[memprof] Introduce handleCallSite (NFC)#149724
Merged
kazutakahirata merged 1 commit intollvm:mainfrom Jul 21, 2025
Merged
Conversation
Continuing the effort to refactor readMemProf, this patch introduces handlCallSite to handle, well, call sites. Moving the code requires taking CallSiteEntry and CallSiteEntryHash out of readMemProf. We could simplify some code, but I'm keeping this patch very simple to facilitate the review process. For example, we could simplify the control flow near the end of readMemProf, but we can address that later.
Member
|
@llvm/pr-subscribers-llvm-transforms Author: Kazu Hirata (kazutakahirata) ChangesContinuing the effort to refactor readMemProf, this patch introduces Moving the code requires taking CallSiteEntry and CallSiteEntryHash We could simplify some code, but I'm keeping this patch very simple to Full diff: https://github.com/llvm/llvm-project/pull/149724.diff 1 Files Affected:
diff --git a/llvm/lib/Transforms/Instrumentation/MemProfUse.cpp b/llvm/lib/Transforms/Instrumentation/MemProfUse.cpp
index 2a8416d02ffba..6e57b99c3233f 100644
--- a/llvm/lib/Transforms/Instrumentation/MemProfUse.cpp
+++ b/llvm/lib/Transforms/Instrumentation/MemProfUse.cpp
@@ -429,6 +429,63 @@ handleAllocSite(Instruction &I, CallBase *CI,
}
}
+// Helper struct for maintaining refs to callsite data. As an alternative we
+// could store a pointer to the CallSiteInfo struct but we also need the frame
+// index.

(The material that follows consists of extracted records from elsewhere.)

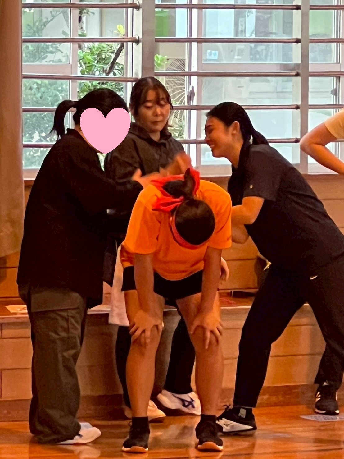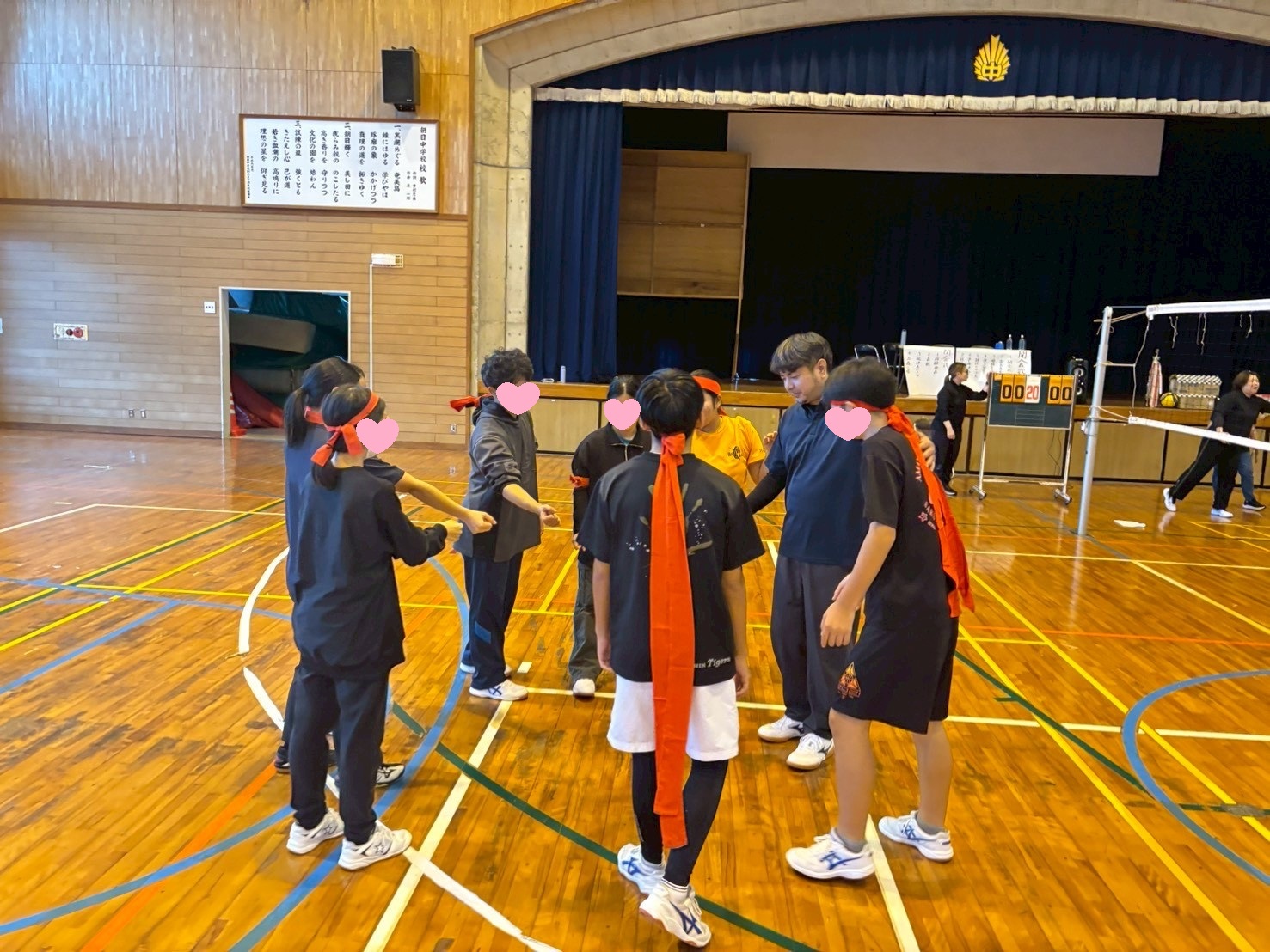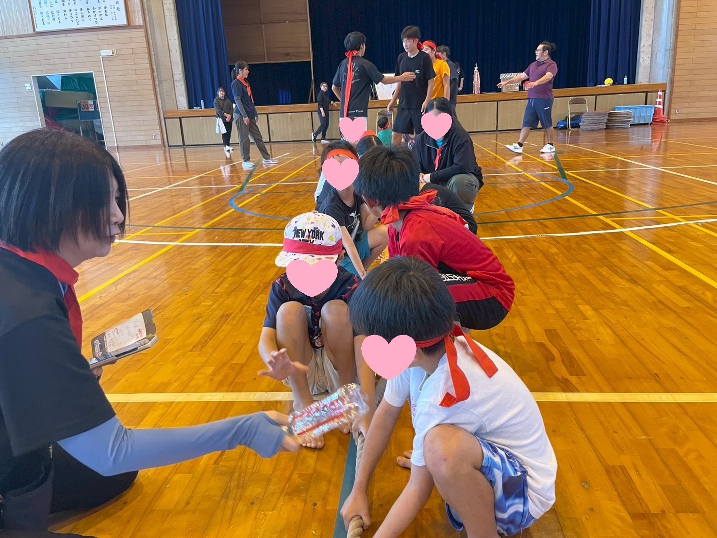 中高生は、バレーボールを行いました。紅組・白組に分かれて
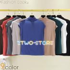 Tシャツ 無地 ハイネック カラバリ やわらか ノースリーブ トップス レディース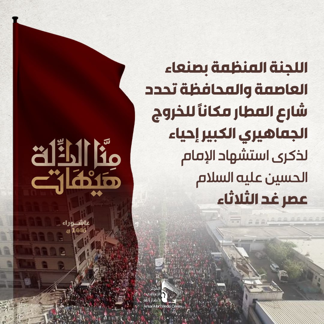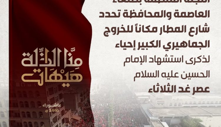 اللجنة المنظمة بصنعاء العاصمة والمحافظة تحدد شارع المطار مكاناً للخروج الجماهيري الكبير إحياء لذكرى استشهاد الإمام الحسين عليه السلام عصر غداً الثلاثاء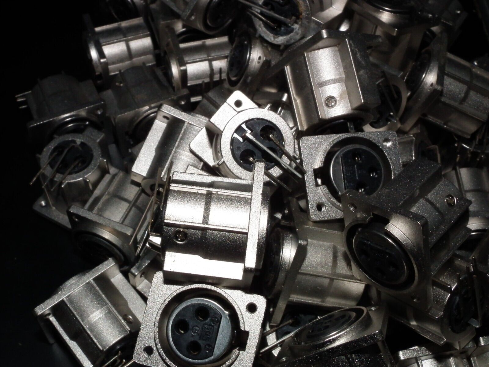 NEW HRS Hirose 3 Pin XLR Female Panel Mount Connector. This Connector has a Nickel Plated Zinc Alloy Metal Housing with a Matte Finish and Silver Plated Copper Alloy Contacts. This is a Good Quality Connector Made by HRS Hirose in Japan, not a lesser quality import.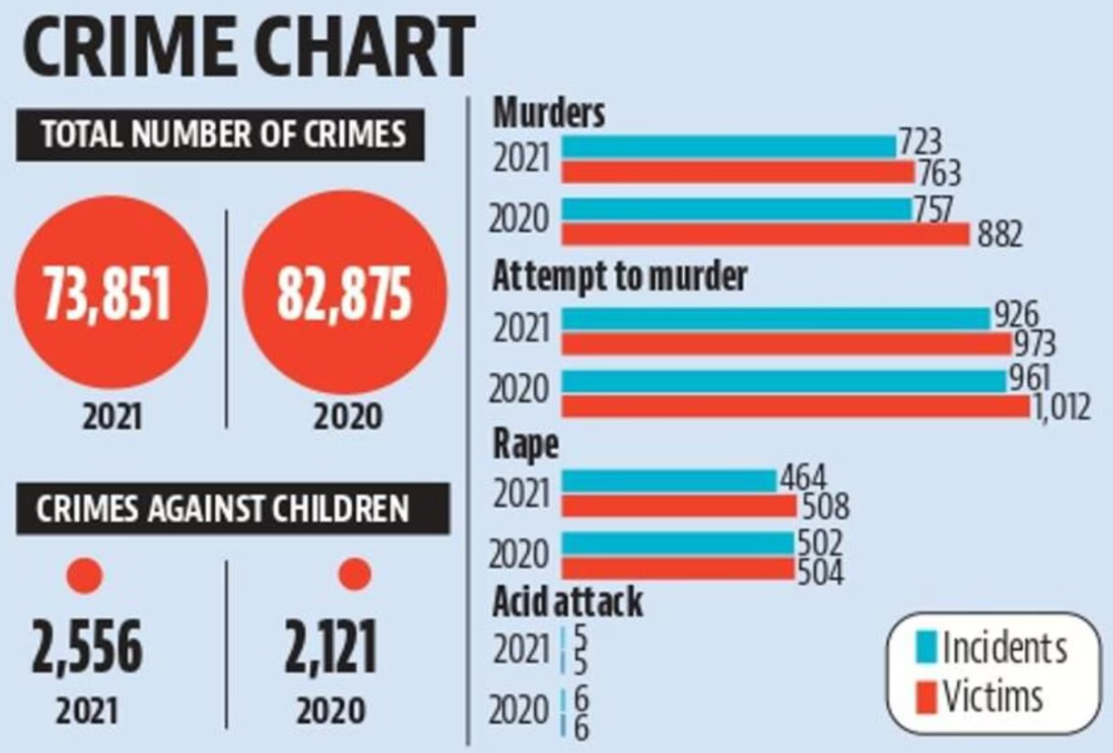 Delhi reported 7,769 cases with a high crime rate of 140.3, while the Andaman and Nicobar Islands had the highest rate at 143.4 per one lakh.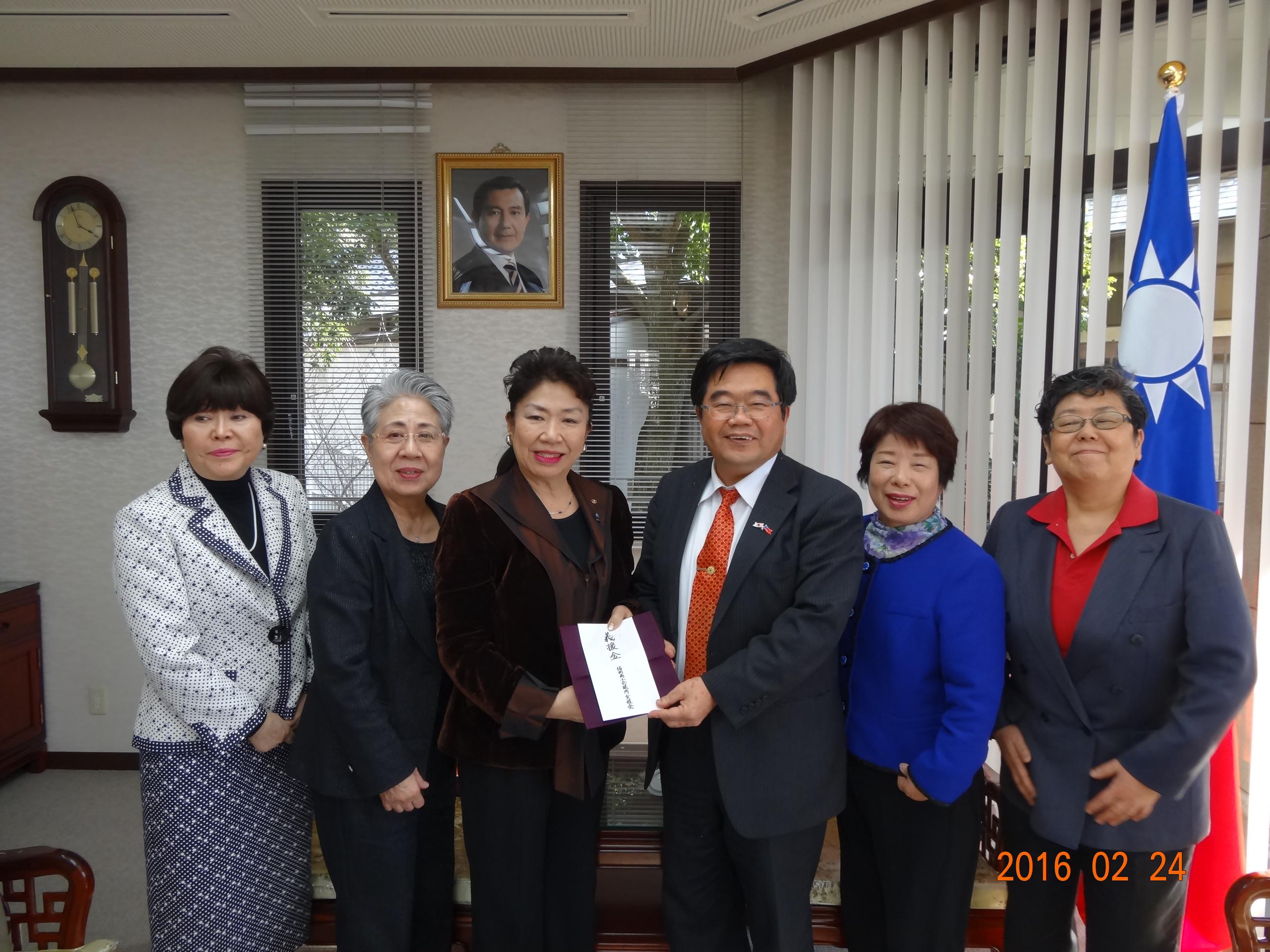 2月24日,戎總領事接受福岡商工會議所女性會西川會長捐獻台灣南部大震災賑災金。

Using ArrayRefs instead makes it a little easier to read.
+struct CallSiteEntry {
+ // Subset of frames for the corresponding CallSiteInfo.
+ ArrayRef<Frame> Frames;
+ // Potential targets for indirect calls.
+ ArrayRef<GlobalValue::GUID> CalleeGuids;
+
+ // Only compare Frame contents.
+ // Use pointer-based equality instead of ArrayRef's operator== which does
+ // element-wise comparison. We want to check if it's the same slice of the
+ // underlying array, not just equivalent content.
+ bool operator==(const CallSiteEntry &Other) const {
+ return Frames.data() == Other.Frames.data() &&
+ Frames.size() == Other.Frames.size();
+ }
+};
+
+struct CallSiteEntryHash {
+ size_t operator()(const CallSiteEntry &Entry) const {
+ return computeFullStackId(Entry.Frames);
+ }
+};
+
+static void handleCallSite(
+ Instruction &I, const Function *CalledFunction,
+ ArrayRef<uint64_t> InlinedCallStack,
+ const std::unordered_set<CallSiteEntry, CallSiteEntryHash> &CallSiteEntries,
+ Module &M, std::set<std::vector<uint64_t>> &MatchedCallSites) {
+ auto &Ctx = M.getContext();
+ for (const auto &CallSiteEntry : CallSiteEntries) {
+ // If we found and thus matched all frames on the call, create and
+ // attach call stack metadata.
+ if (stackFrameIncludesInlinedCallStack(CallSiteEntry.Frames,
+ InlinedCallStack)) {
+ NumOfMemProfMatchedCallSites++;
+ addCallsiteMetadata(I, InlinedCallStack, Ctx);
+
+ // Try to attach indirect call metadata if possible.
+ if (!CalledFunction)
+ addVPMetadata(M, I, CallSiteEntry.CalleeGuids);
+
+ // Only need to find one with a matching call stack and add a single
+ // callsite metadata.
+
+ // Accumulate call site matching information upon request.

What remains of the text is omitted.